- **WHAT TO WORK ON**: Please reproduce the final stretch of the listing below: the line that contains "Drugs seized at" and all lines after it, verbatim, with nothing else.

- **DATA BLOCK**:
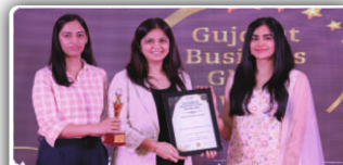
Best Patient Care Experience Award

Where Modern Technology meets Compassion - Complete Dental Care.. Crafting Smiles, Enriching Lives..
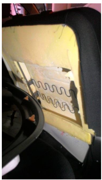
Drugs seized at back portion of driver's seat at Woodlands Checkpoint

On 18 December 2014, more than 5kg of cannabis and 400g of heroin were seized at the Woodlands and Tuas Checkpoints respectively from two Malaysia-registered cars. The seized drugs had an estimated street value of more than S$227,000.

- **WRITTEN RESPONSE**:
Drugs seized at back portion of driver's seat at Woodlands Checkpoint

On 18 December 2014, more than 5kg of cannabis and 400g of heroin were seized at the Woodlands and Tuas Checkpoints respectively from two Malaysia-registered cars. The seized drugs had an estimated street value of more than S$227,000.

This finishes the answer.